De acordo com a pesquisadora, é possível aproveitar melhor as propriedades do cacau consumindo produtos derivados menos processados, como os nibs. Se optar pelo chocolate, que contenha entre 70% e 80% de cacau. A intenção no laboratório é selecionar as amêndoas para manter os benefícios medicinais no produto final, evitando perdas nas etapas de processamento.

A pesquisa é realizada em parceria com a Secretaria de Estado de Desenvolvimento Agropecuária e da Pesca (Sedap) e a Comissão Executiva do Plano da Lavoura Cacaueira (Ceplac), órgão do Ministério da Agricultura, Pecuária e Abastecimento (MAPA), que forneceram amostras de 19 tipos de cacau dos 20 mais produtivos.

Protagonismo paraense

O estado do Pará é o maior produtor de cacau no país, responsável por 50,32% da produção nacional, de acordo com Levantamento Sistemático de Produção Agrícola do Instituto Brasileiro de Geografia e Estatísticas (IBGE), e conta com o maior banco de material genético do fruto do mundo, abrigando mais de 53 mil plantas. Os frutos analisados pela pesquisadora são todos da espécie Theobroma cacao L.

Giulia explica que as diferenças no sistema de produção do cacau no Estado influenciam diretamente o produto final. “Aqui no Pará nós temos o cacau de várzea, que cresce em áreas alagadas e não existe em nenhum outro lugar no mundo. Como o cacau é uma planta nativa, ele cresce perto de outras espécies, o que faz com que a amêndoa e o fruto tenham, por exemplo, notas de banana por crescer perto de uma bananeira. Ele tem propriedades aromáticas e nutricionais únicas”.

No PCT Guamá, o Laboratório de Análise Sensorial do Cvacba oferece suporte e tecnologia de ponta para os produtores de cacau, fornecendo a certificação que garante a qualidade do produto final em todas as suas características, como sabor, cheiro, odor, cor e textura.

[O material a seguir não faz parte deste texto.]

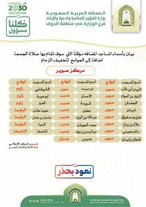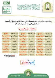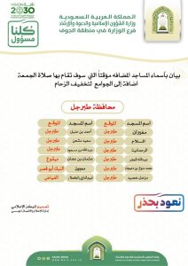 وأوضح مدير عام الفرع الشيخ عواد بن سبتي العنزي أنه تماشياً مع الإجراءات الاحترازية التي تطبقها حكومة خادم الحرمين الملك سلمان بن عبدالعزيز – حفظه الله – ، وإنفاذاً لتوجيهات وزارة الشؤون الإسلامية والدعوة والإرشاد قفد أضيفت عدد من المساجد لتقام فيها صلاة الجمعة مؤقتا لتخفيف أعداد المصلين على الجوامع حفاظا على صحتهم من انتقال العدوى فيما بينهم لا سمح الله وذلك في إطار الإجراءات الاحترازية المتبعة، مع الحرص على تطبيق الجوامع والمساجد التعليمات الصادرة من قبل الوزارة.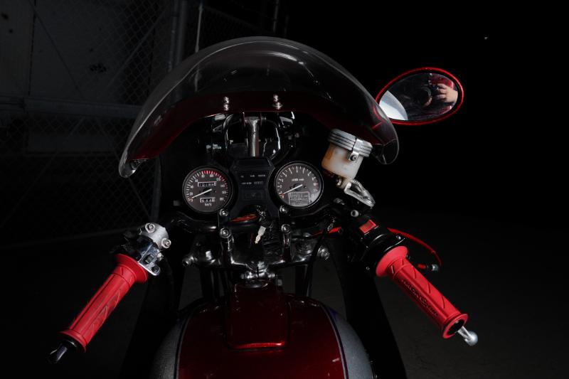 メーターパネルはGSX400L、いわゆる“アメザリ”のメーターを換装。メーターパネルはリビルドされているのか、新品並みの奇麗さだ。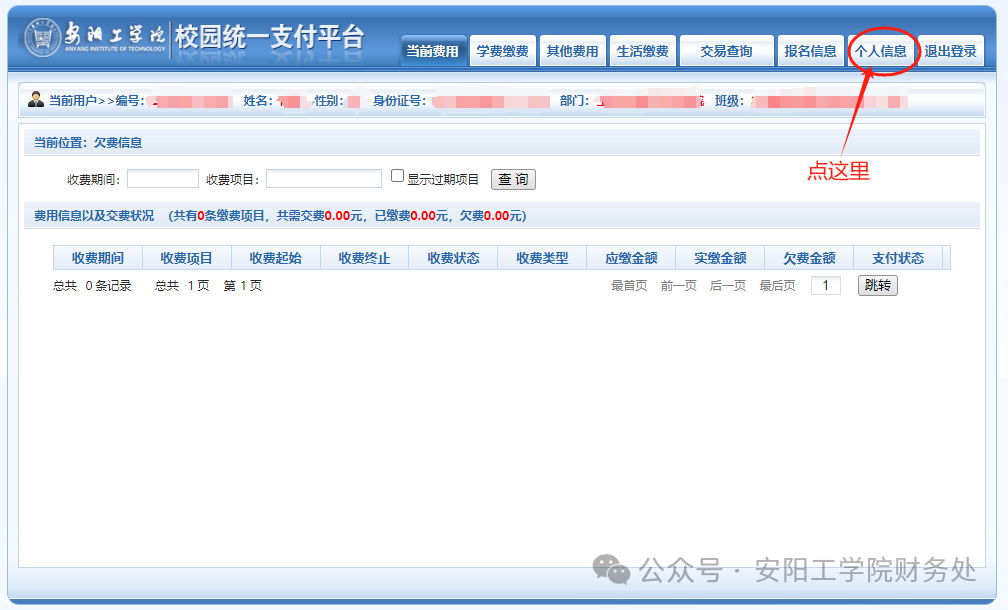 方法四:登录安阳工学院网上办事大厅,点击“校园统一支付平台”图标,可免登录进入支付平台。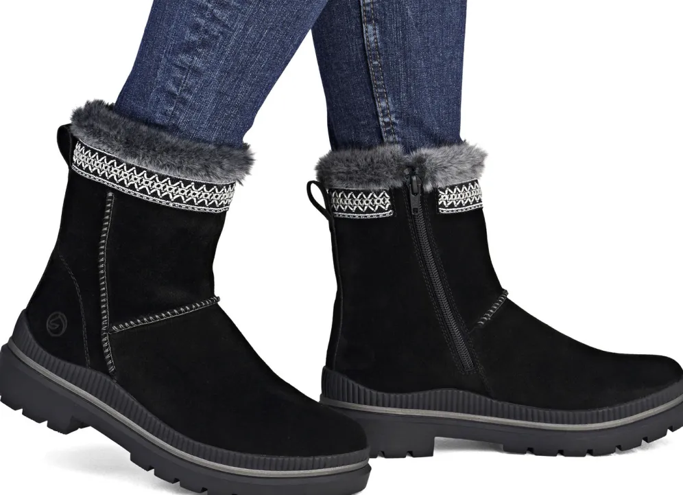 Remonte, gefütterte Damen-Stiefeletten, Winterschuhe, Weite G, mit Lammfell in Schwarz und in Größe 36.

“Recebemos amêndoas do lote de um produtor e fazemos a avaliação para definir se a matéria-prima dele é segura para a produção de chocolate. Há critérios sobre isso. Minha pesquisa auxilia nessa resposta ao produtor, que irá saber qual é o melhor tipo de amêndoa para produzir o que ele planeja e o mercado demanda”, conta a pesquisadora.

O Centro de Valorização de Compostos Bioativos da Amazônia

Atua em áreas como bioprospecção de espécies e controle de qualidade de materiais de origem vegetal, com serviços de atividade residual enzimática, análises de cacau, chocolate e derivados, açaí, entre outros.

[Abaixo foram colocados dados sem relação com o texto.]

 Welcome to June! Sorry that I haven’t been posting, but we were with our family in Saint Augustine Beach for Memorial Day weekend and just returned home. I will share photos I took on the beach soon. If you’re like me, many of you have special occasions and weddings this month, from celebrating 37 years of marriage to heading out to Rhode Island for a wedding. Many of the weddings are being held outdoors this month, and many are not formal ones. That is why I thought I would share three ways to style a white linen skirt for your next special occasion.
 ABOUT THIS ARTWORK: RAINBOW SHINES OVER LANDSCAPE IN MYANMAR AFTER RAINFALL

Projetos privados e públicos, vinculados ou não ao parque, podem acionar o PCT Guamá e seus laboratórios. Interessados devem entrar em contato pelo e-mail servicos@fundacaoguama.org.br ou pelos telefones (55) (91) 3321-8908 e 3321-8909.

Referência em inovação na Amazônia

O PCT Guamá é uma iniciativa do Governo do Pará, por meio da Secretaria de Ciência, Tecnologia e Educação Técnica e Tecnológica (Sectet), que conta com a parceria da UFPA, Universidade Federal Rural da Amazônia (Ufra) e gestão da Fundação Guamá.

É o primeiro parque tecnológico a entrar em operação na região Norte do Brasil e tem como principal objetivo estimular a pesquisa aplicada e o empreendedorismo inovador e sustentável.

Situado em uma área de 72 hectares entre os campi das duas universidades, o PCT Guamá conta com mais de 30 empresas residentes (instaladas fisicamente no parque), mais de 60 associados (vinculadas ao parque, mas não fisicamente instaladas), 12 laboratórios de pesquisa e desenvolvimento de processos e produtos, com o Instituto Nacional de Pesquisas Espaciais (Inpe) e a Escola de Ensino Técnico do Estado do Pará (Eetepa) Dr. Celso Malcher, além de atuar como referência para o Centro de Inovação Aces Tapajós (Ciat), em Santarém, oeste do Estado.

Membro da Associação Nacional de Entidades Promotoras de Empreendimentos Inovadores (Anprotec), da Associação Internacional de Parques de Ciência e Áreas de Inovação (Iasp), o PCT Guamá faz parte do maior ecossistema de inovação do mundo.